There are two things on a S&W revolver that contribute to how the DA pull feels, the trigger rebound (or return) spring and the hammer mainspring.
In a SD situation it's likely that you'll not be that cognizant of the DA trigger pull, with the adrenaline going and the dynamics of the situation at hand.
The rebound spring is an 18 pound spring (according to Wolff), I replace mine with a Wolff 15 pounds and that's as low as I will go, otherwise the trigger return speed become too sluggish for my tastes, plus if you go too light on the rebound spring you begin to experience the trigger hanging up during the return.
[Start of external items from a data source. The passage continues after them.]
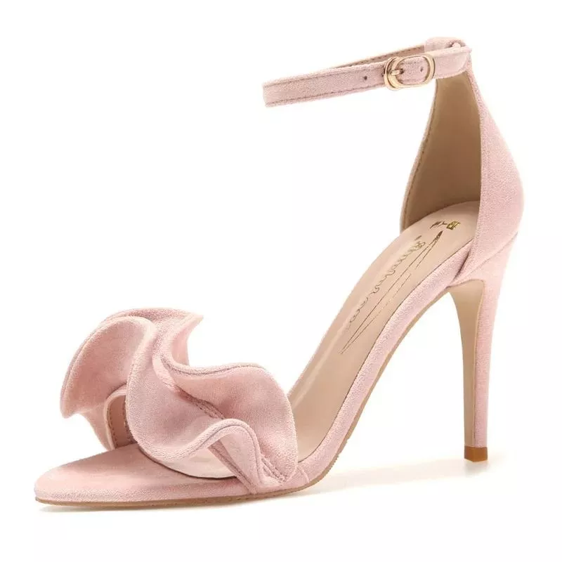Sandali con tacco alto da 10 cm realizzati in velluto, caratterizzati da un dettaglio frontale con volant che crea movimento e volume, aggiungendo un tocco raffinato e femminile. Il cinturino alla caviglia garantisce stabilità e definisce la linea della scarpa.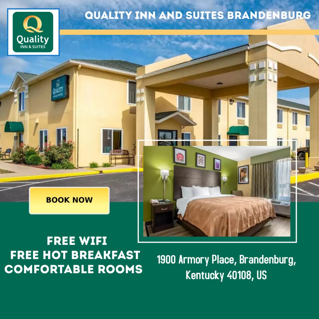 Enjoy a variety of amenities and friendly service when you stay at the Quality Inn & Suites® hotel in Brandenburg, KY. This hotel is conveniently located along the Ohio River, just south of the Indiana border and just under an hour to downtown Louisville. Get the travel essentials you’d expect from a hotel brand you can trust. Start your day with a free, tasty hot breakfast. Stay connected with free high-speed WiFi throughout the hotel, and get some work done in our fully-equipped business center.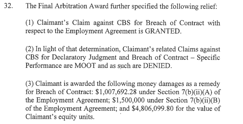According to the motion, the Arbitrator wrote: CBS breached Section 7 of the Employment Agreement as a matter of New York law on October 1, 2021, when it purported to “convert” Mr. Dunn’s prior termination to “for Cause”, and thereafter ceased all severance payments and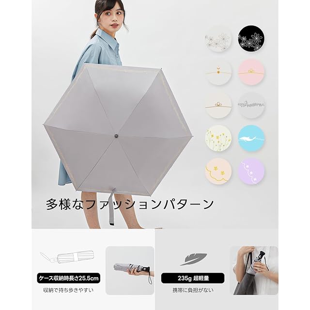 【ベーシックなデザイン】ドットやボーダーなや草花など、ベーシックなデザインにストーリーを持たせ、使い勝手とデザインにこだわった日傘です。シンプルだけど愛嬌のあるデザインとコンパクトなサイズで、ギフトやプレゼントにもおすすめです。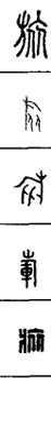 从上到下依次是小篆、甲骨文、金文、古玺及战国文字、缪篆及汉代文字、鸟虫篆。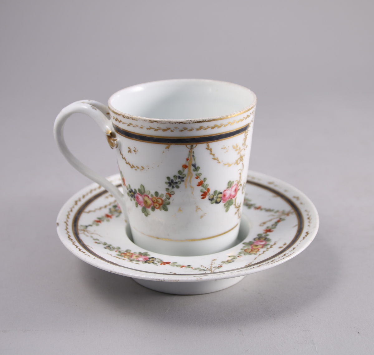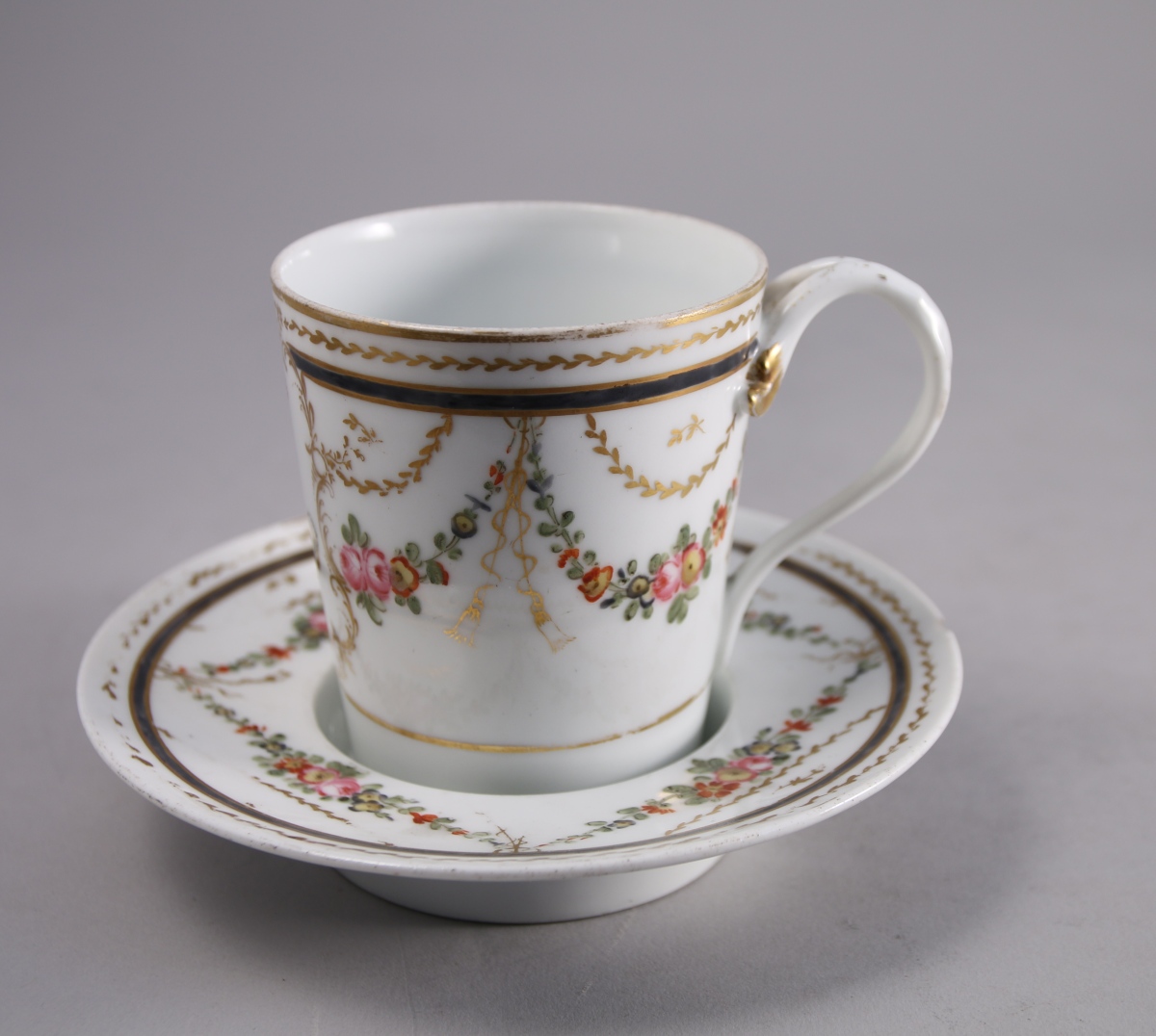 Tasse : Haut. 12, Soucoupe : Diam. 17 cm. (manque le couvercle, usures à la dorure accidents)

I've been using that 15 pound spring without issue for most of my S&W revolvers for 40 years.
Changing the hammer mainspring is an entirely different matter, because you often run into reliable primer ignition issues with a lighter spring, which can be over come with other modifications, but I certainly would not recommend this for any gun being used for self defense.
It's been mentioned that the first course of action is to smooth the action parts, on the older guns with forged/machined parts that's certainly true. But it's been my experience with the two newer S&W's I have with MIM parts, is that they are already fairly smooth because they do not have the traditional "rough' machining marks as the older guns.
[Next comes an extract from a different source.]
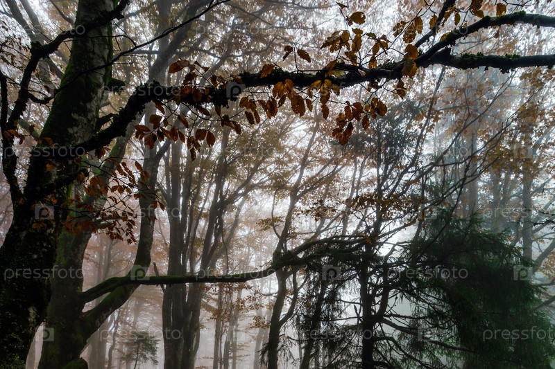 Красивый осенний лес с туманом

I'd say have the rebound spring changed to a lighter weight spring, and then practice, practice and more practice with that gun to get used to it and become proficient with it.
The Jerry Kuhnhausen book has been mentioned, lots of good information but it's in what I call a "text book" technical format, not something for the uninitiated.
I like to recommend the Jerry Miculek "Trigger Job" DVD, his video gives a good overview and insight on the mechanics of the S&W lockwork, but there is also one drawback with that video, it's based on the older S&W's without the frame mounted firing pin or MIM parts, and does not go into them.